January 26, 2016

Postscript


I awoke this morning with an insistent question: what's the big deal?

So, what is the big deal? A multitude of artists have crossed over from painting to sculpture in the history of art. What's so special about this show at Hionas Gallery "painting sculpturally / sculpt painterly"?
As I was making coffee, I turned it over in my mind. Did I answer it well enough in my last blogpost? Probably not, if I'm still ruminating over it a week later.

Painting was declared dead. In art historical terms, this was done with immense critical authority, over several decades. Painting resumed in the 90's after the cresting of critical theory, a collapsing stock bubble and the collapse of the Berlin Wall, but it did so by sidestepping the proscription against painting. My response was to demonstrate the life in painting. I did it with the body of the medium and in particular, I externalized the internal dynamics of forces within it. My movement into the realm of sculpture was done with this in mind. This is why I wrote about the use of painting as a lens to see how the animated physicality of paint could stand up in a sculptural realm.

I tender the following idea with the utmost care since it may appear as a critique and challenge to my fellow artists and especially the painters among them. I do not do this with bad intent. I merely want to raise an especially difficult question that should have been dealt with long ago. If an artist ignores the claim about the death of painting and resumes anyway, he/she is by degrees either blithe or disdainful (or both) of this particular art historical argument. If an artist respects what was discovered and established in the Postmodern era (*1) that brought about the idea that painting could die, that artist would take the argument head on and counter it with an alternative. But to skirt the prohibition deprives us of the energy that all art movements in the history of art has depended on to fuel the justification of each subsequent epoch.
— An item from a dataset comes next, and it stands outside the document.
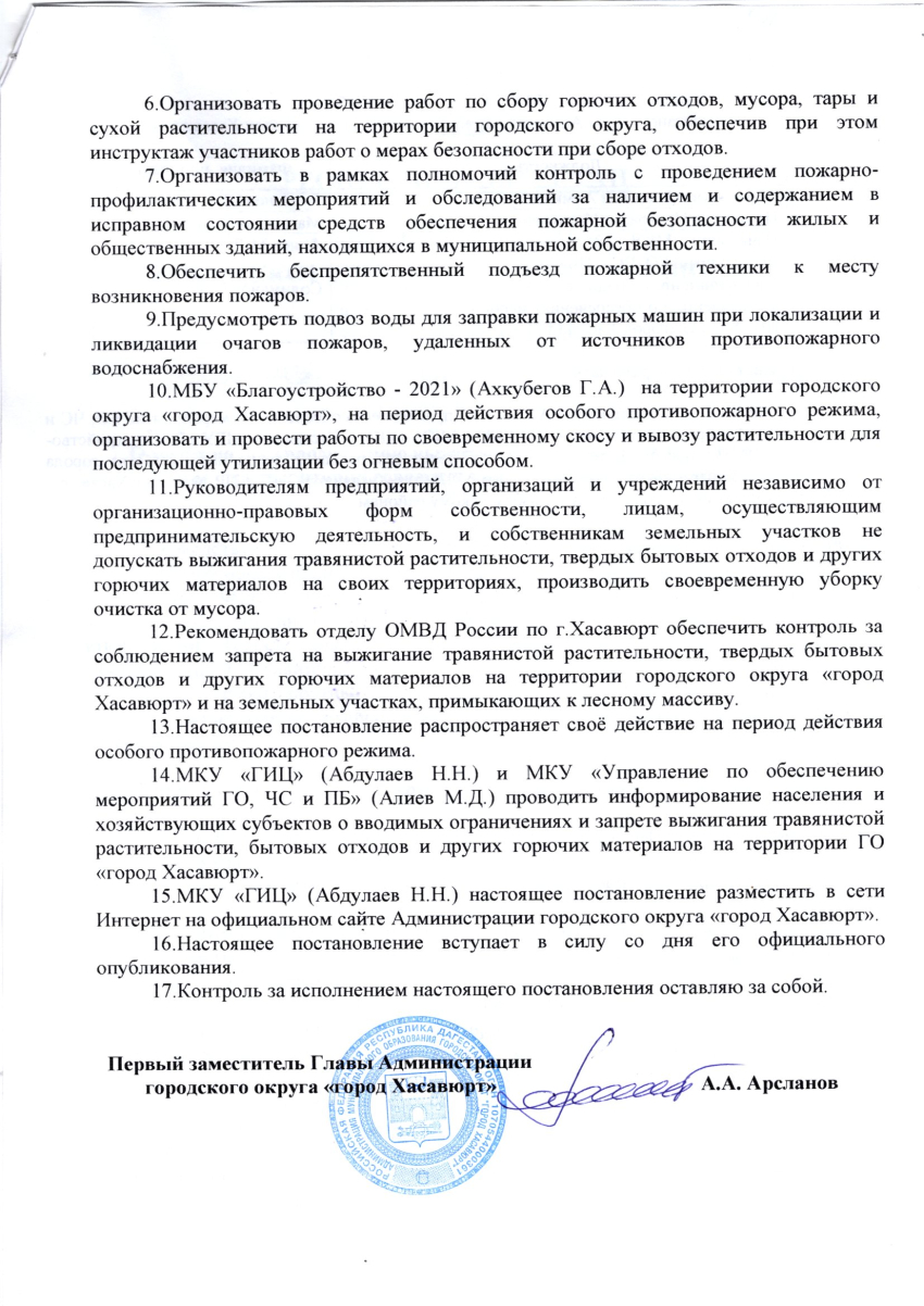 Постановление от 17 апреля 2024 г. № 44п О мерах по противодействию выжигания сухой растительности и мусора на территории городского округа "город Хасавюрт"

Every chapter of art history has realized that the previous era was exhausted and adjusted themselves to this reality in critique and formation of a new set of ideas to move forward with. We didn't do this in the 90's. The funeral rites were sung in the duration of the Postmodern era and the death of painting drafted with it in its wake, the end of art history. There was a sense in that era that we had come to the end of history, that nothing subsequent was possible, that Postmodernism was beyond critique. In this sense, painting remained dead in its resumption after the "end of painting"... painting was by and large, the walking dead. In this light, it is really surprising that the moniker "Zombie Art" has gained so much traction in recent years? Is it really surprising that there is a widespread sense of torpor and lassitude in art today?

*1 For a very long time, it has not been popular in art social circles to mention Postmodernism by name. The mere introduction of the term tends to sour conversation. I think that this is because it is a difficult to define, perhaps because we are too close to it, that we live within it so completely like the proverbial fish in water. Another reason is that Postmodernism itself tends toward the eschatological, that it conceives itself as a final destination of art history. To test this assertion, ask yourself: is another epoch of art history possible?

I can define it.

Here it is:
-You can't define Postmodernism without defining Modernism.
-To be modern is to reconcile the life you are living with the things you are making.
-The Modern and Postmodern were born as twins at the collapse of the Classical era.
-The Modern immediately took preeminence and afterwards so did the Postmodern.
-To be Modern is to attempt to touch G-d with material means.
-When Modernism approached exhaustion, postmodernism flipped the formulation...
-To be Postmodern is to point to everyday life with conceptual means.
-Postmodernism progressed from Pop to Minimalism to Conceptualism to Critical Theory in an ever widening stream like a river born in the mountains and dying in the delta at sea.
-The next chapter of art history requires a similar synthesis and reversal of polarity that the preceding eras employed.